I'm using scikit-learn to train some classifiers. I do cross validation and then compute AUC. However I'm getting a different AUC number every time I run the tests although I made sure to use a seed and a RandomState. I want my tests to be deterministic.

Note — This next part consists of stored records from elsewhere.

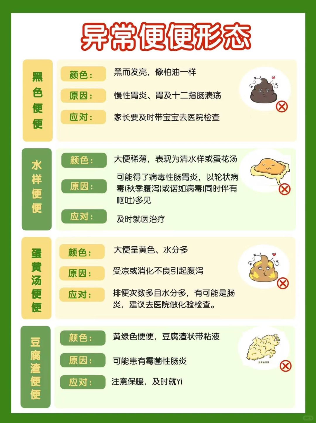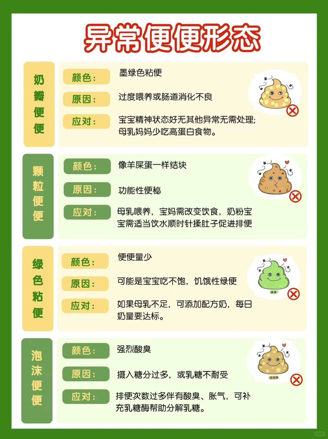 相信各位新手爸妈对宝宝的臭臭还不是很了解, 今天五张图告诉你们!!以便以后再遇到。不 正常就能轻松应对啦
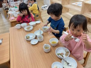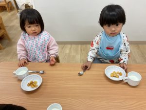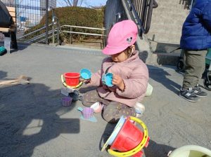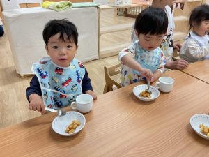 「今日はどんぐりなかったよ」と元気に帰園した子ども達。
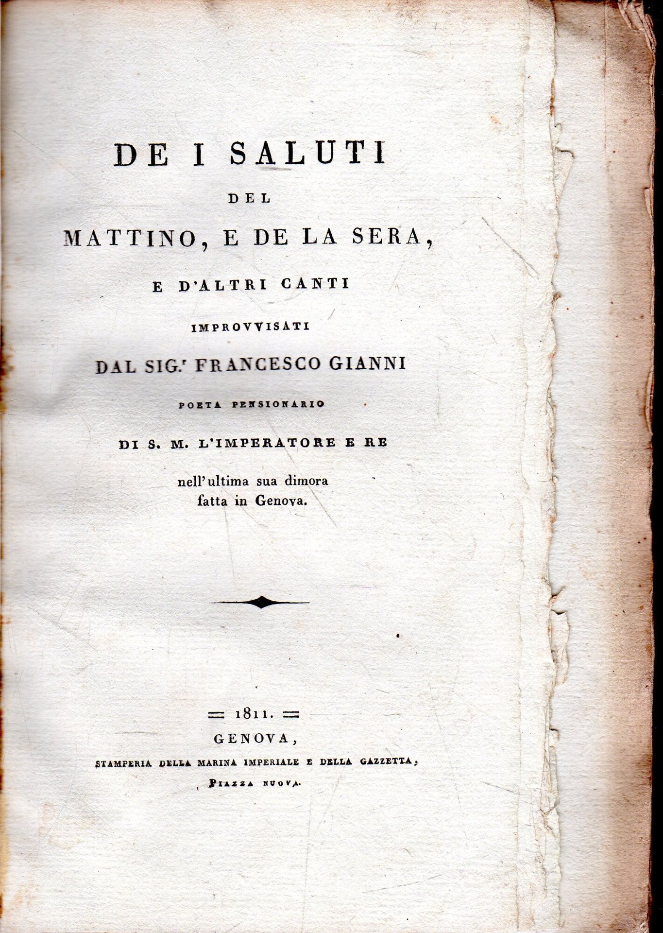 "Improvvisati dal Sig.r Francesco Gianni poeta pensionario di S. M. l'imperatore e re nell'ultima sua dimora fatta in Genova".
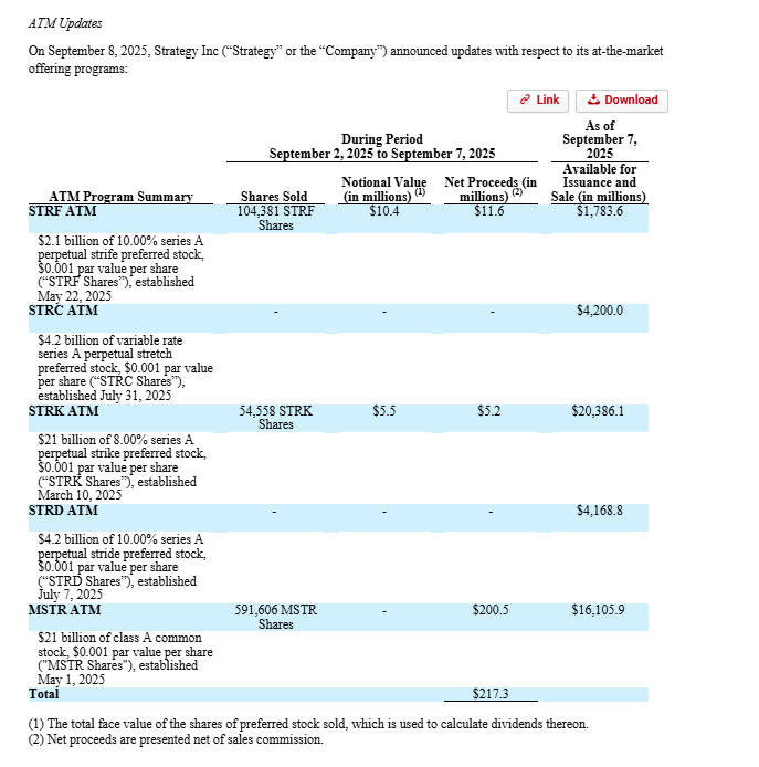 … and the market seems to be looking at their strategy with increasing skepticism; most of their preferreds are trading below par (in the case of STRD, well below par), and, despite the drop in MSTR’s mNAV, MSTR has been forced to shift most of their capital raise to their ATM program in order to continue to buy bitcoin.
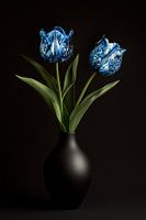 Twee prachtige delfts blauwe tulpen in een vaas, tegen een zwarte achtergrond. Hollands glorie in een klein stilleven.
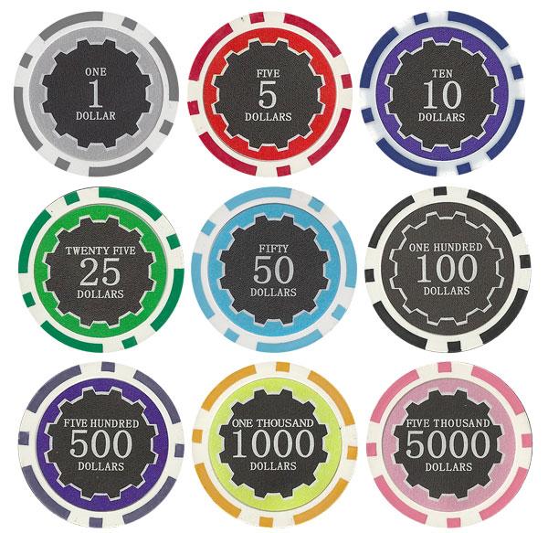 In this set you get 100 white $1 chips, 100 red $5 chips, 50 dark blue $10 chips, 100 green $25 chips, 50 light blue $50 chips, 100 black $100 chips, 50 purple $500 chips, 25 yellow $1000 chips, and 25 pink $5000 chips.
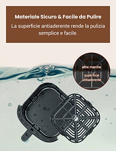 ANTIADERENTE & SCIACQUARE FACILMENTE: Il cestino della friggitrice ad aria T22 è fatto con materiali di sicurezza alimentare che sono privi di BPA e PFOA, in quanto è rivestito in teflon antiaderente, puoi pulirlo direttamente in lavastoviglie.

Here's my code:
from sklearn.utils import shuffle
SEED = 0
random_state = np.random.RandomState(SEED)
X, y = shuffle(data, Y, random_state=random_state)
X_train, X_test, y_train, y_test = \
cross_validation.train_test_split(X, y, test_size=test_size, random_state=random_state)
clf = linear_model.LogisticRegression()
kfold = cross_validation.KFold(len(X), n_folds=n_folds)
mean_tpr = 0.0
mean_fpr = np.linspace(0, 1, 100)
for train, test in kfold:
probas_ = clf.fit(X[train], Y[train]).predict_proba(X[test])
fpr, tpr, thresholds = roc_curve(Y[test], probas_[:, 1])
mean_tpr += interp(mean_fpr, fpr, tpr)
mean_tpr[0] = 0.0
mean_tpr /= len(kfold)
mean_tpr[-1] = 1.0
mean_auc = auc(mean_fpr, mean_tpr)
My questions:
1- Is there something wrong in my code that's making the results different each time I run it?
2- Is there a global way to make scikit deterministic?
EDIT:
I just tried this:
test_size = 0.5
X = np.random.randint(10, size=(10,2))
Y = np.random.randint(2, size=(10))
SEED = 0
random_state = np.random.RandomState(SEED)
X_train, X_test, y_train, y_test = \
cross_validation.train_test_split(X, Y, test_size=test_size, random_state=random_state)
print X_train # I recorded the result
Then I did:
X_train, X_test, y_train, y_test = \
cross_validation.train_test_split(X, Y, test_size=test_size, random_state=6) #notice the change in random_state
Then I did:
X_train, X_test, y_train, y_test = \
cross_validation.train_test_split(X, Y, test_size=test_size, random_state=random_state)
print X_train #the result is different from the first one!!!!
As you see I'm getting different results although I used the same random_state! How to solve this?
LogisticRegression uses randomness internally and has an (undocumented, will fix in a moment) random_state argument.
There's no global way of setting the random state, because unfortunately the random state on LogisticRegression and the SVM code can only be set in a hacky way. That's because this code comes from Liblinear and LibSVM, which use the C standard library's rand function and that cannot be seeded in a principled way.
EDIT The above is true, but probably not the cause of the problem. You're threading a single np.random.RandomState through your calls, while you should pass the same integer seed for easy reproducibility.